Other points held by the court included:
- The propriety of the purpose should be assessed at the hearing date, rather than at the date of the request;
- The fact that some shareholders would never receive an offer, despite having their data disclosed to Litani, did not compromise the propriety of the purpose; and
- Similarly, Litani’s lack of transparency about its ownership did not affect the propriety of its purpose (the test for which does not rely on good character).
The court declined to opine on the desirability of mini-tender offers, noting that they are both lawful and currently not subject to specific regulatory control in the UK.
National Security and Investment Act 2021: no compensation for forced divestment – R (L1T FM Holdings Ltd) v Chancellor of the Duchy of Lancaster [2025] EWCA Civ 1528
The Court of Appeal has confirmed that the absence of compensation beyond the proceeds of a mandatory sale ordered under the National Security and Investment Act 2021 (the “Act”) does not breach Article 1 of Protocol 1 (“A1P1”) to the ECHR. Receipt of the actual sale proceeds, even if below fair market value due to the government‑mandated divestment, was held to maintain a reasonable relationship of proportionality in the national security context.
LetterOne had acquired 100% of Upp Corporation Ltd, a fibre broadband start‑up, in January 2021 – however, a final order under the Act required divestment, and Upp was sold to Virgin Media O2 in September 2023. LetterOne received the sale price but no additional compensation.

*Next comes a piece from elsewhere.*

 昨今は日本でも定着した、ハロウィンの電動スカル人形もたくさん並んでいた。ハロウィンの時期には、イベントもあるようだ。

The appeal challenged the High Court’s dismissal of a judicial review claim, arguing that A1P1 required compensation for any diminution in value caused by the forced sale. The Court rejected this, holding instead that proportionality under A1P1 does not demand full market value in every case. LetterOne had conducted an open market sale, retained the proceeds, and chose the buyer – the fact that it had been compelled to sell did not negate the otherwise ‘reasonable relationship of proportionality’ between the property’s value and the compensation provided.

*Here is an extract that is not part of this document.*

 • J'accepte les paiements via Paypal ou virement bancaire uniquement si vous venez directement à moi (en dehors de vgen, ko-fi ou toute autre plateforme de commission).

Additionally, the court found that Parliament’s decision not to legislate for compensation, coupled with a discretionary hardship mechanism in section 30 of the Act, fell within the wide margin of judgement afforded in national security matters. It found that there is no Strasbourg authority requiring compensation for loss beyond sale proceeds in such circumstances.
This material is provided for general information only. It does not constitute legal or other professional advice.